Oakridge/Kingsnake Trails

Location: Southern South Carolina
Trip Starts: South Cedar Creek Rd (Secondary Rd 1288)
Trip Ends: South Cedar Creek Rd (Secondary Rd 1288)
Total Distance: 12.4 miles
Hike Type: Roundtrip, Loop Hike
Hike Difficulty: Easy to Moderate
Trails Used: Oakridge, Kingsnake Trails
Trail Traffic: Light
Trip Type: Day Hike
More Information:

Congaree National Park
100 National Park Road
Hopkins, SC 29061-9118


Congaree National Park is the largest preserve of old-growth floodplain forest in the United States. Located along the Congaree River near Columbia, South Carolina, the park was designated an International Biosphere Reserve in 1983 and it has some of the largest trees that can be seen in the Eastern United States. Along the Congaree River, the trail conditions vary with the weather. After severe rains, the trails flood and occasionally become impassible. The ranger station typically has up-to-date information, so make sure to check with them before you head out on any of the twenty miles of trail in the park. Also, keep in mind that there are two miles of elevated boardwalks that do not permit dogs.
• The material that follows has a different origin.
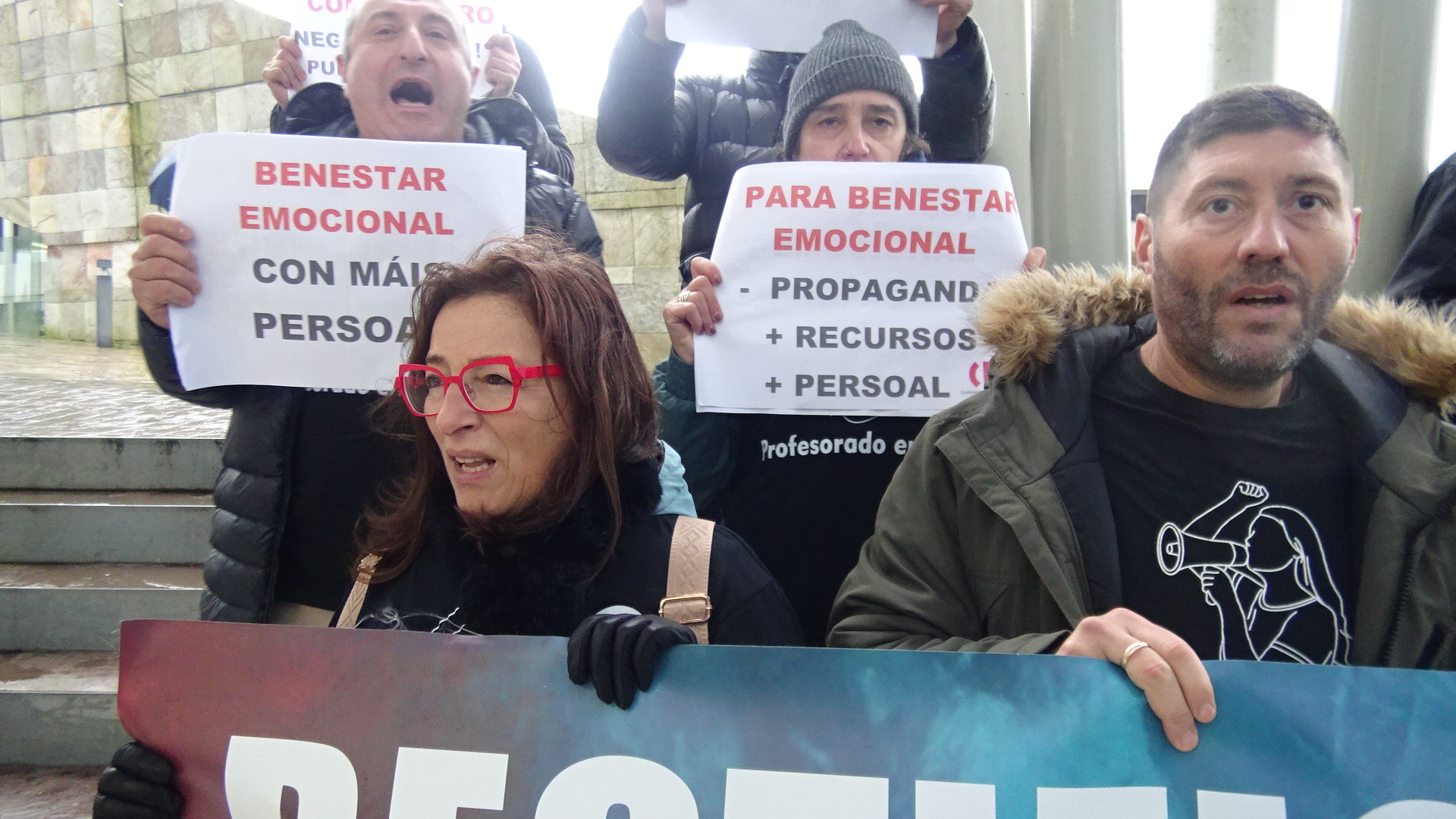 Delegados e delegadas da CIG-Ensino concéntranse durante a presentación do Plan de benestar emocional para esixir negociacións ao conselleiro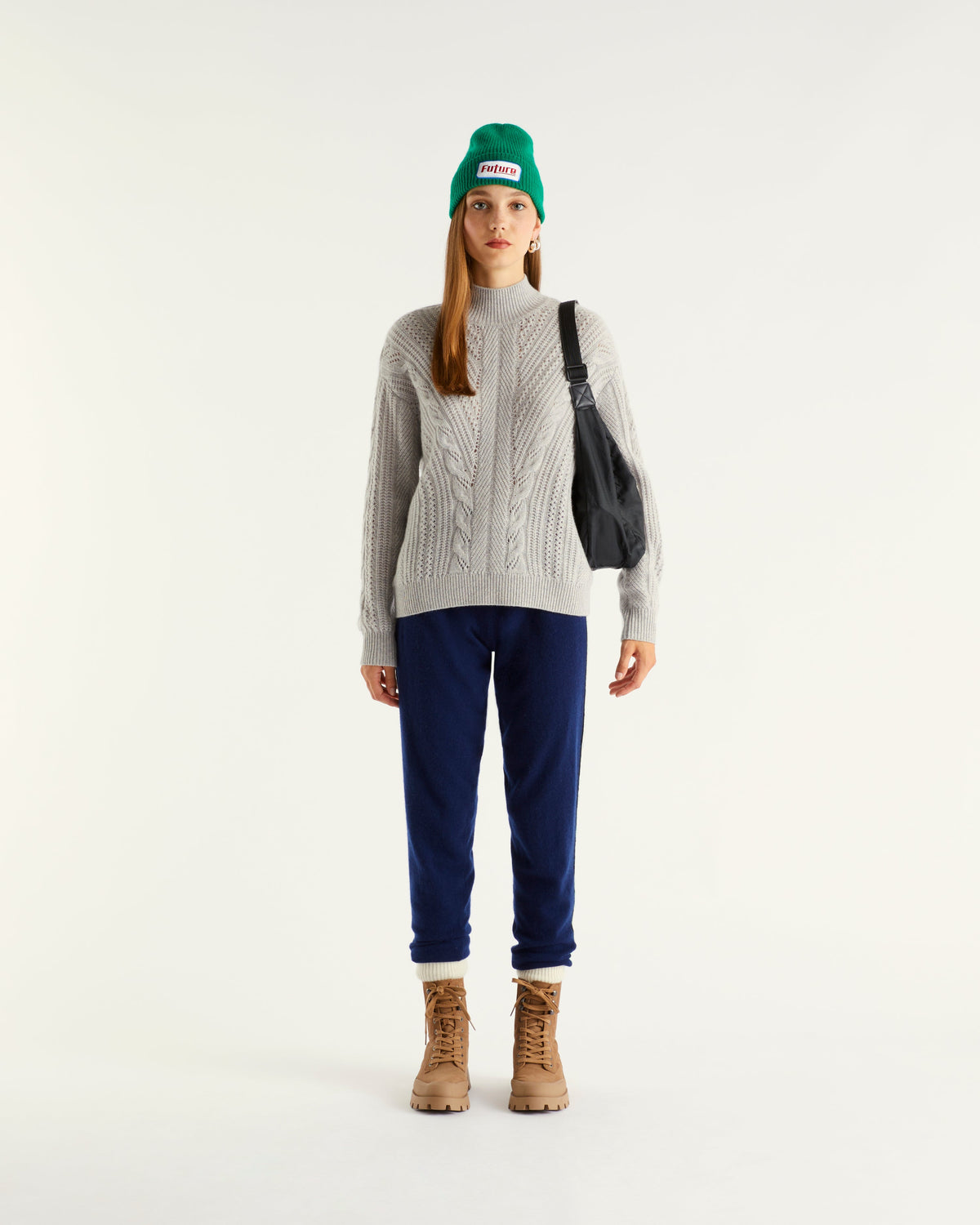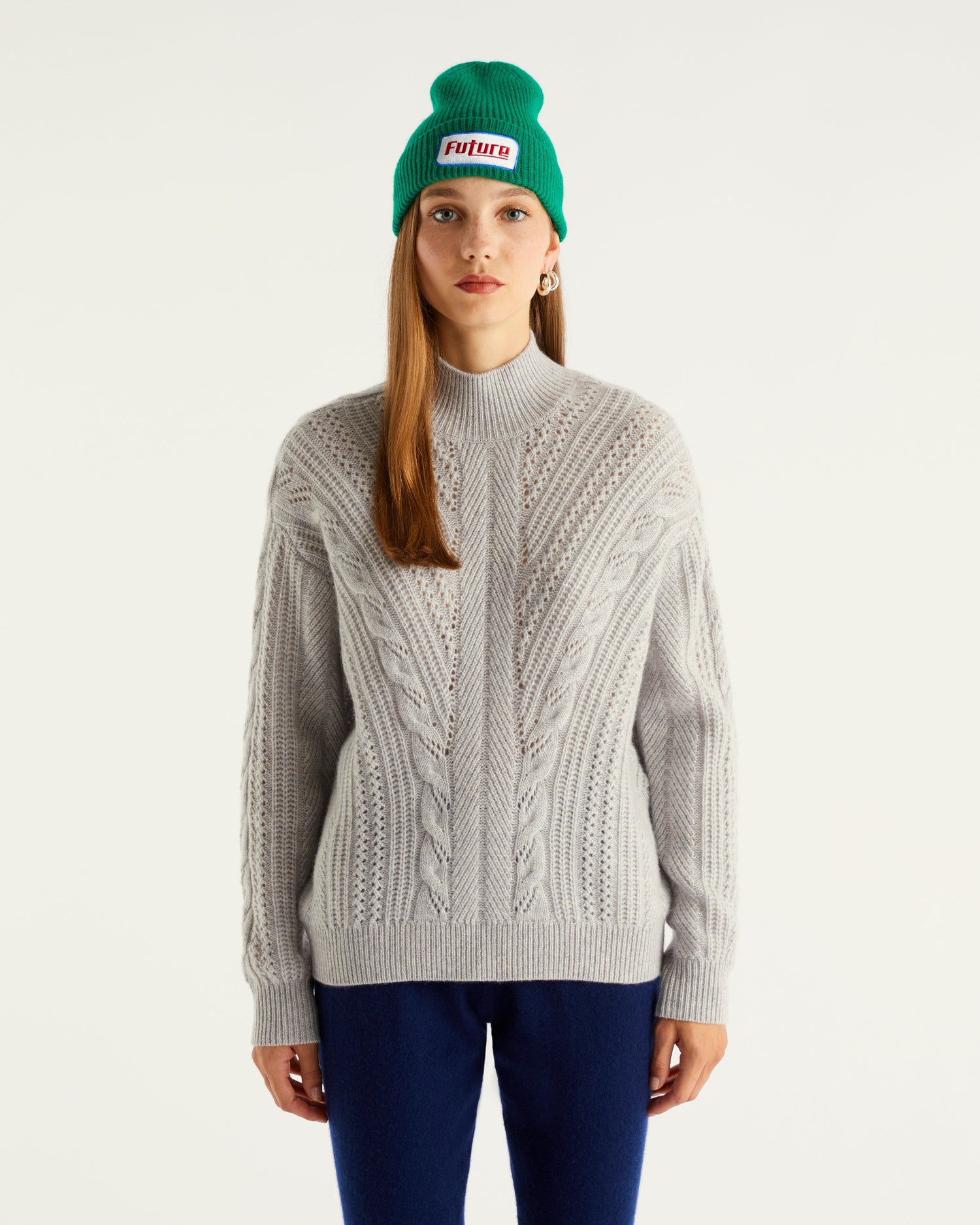 Pull Col Montant Court Oversize Torsades 6 Fils - 100% Cachemire - Gris Chiné Clair

The Oakridge and Kingsnake Trails combined for a roundtrip loop hike. However, the Kingsnake Trail can be done as an in-out, backtrack hike if you are looking for a shorter route which cuts the mileage to 7.4-miles total. Regardless, this hike starts at the parking area for the Kingsnake Trail off SC 1288 where the trail heads south through a mix of heavy forest and marsh and follows orange blazes. The Feral Hog has done well in this rustic habitat, so don’t be surprised to see one tearing at the ground with their tusks as you wander through the wilderness. These untamed animals (also known as wild pigs) have existed in the U.S. since the 1500’s when they were introduced in Florida. While many National Parks have undertaken programs to control their numbers, some are still present in this area. If the pooch catches their scent, hold the leash tight. These Feral Hogs can tear your hound apart with their strong tusks, and the damage they cause to the forest as they root for insects has made them a nuisance to many forest professionals.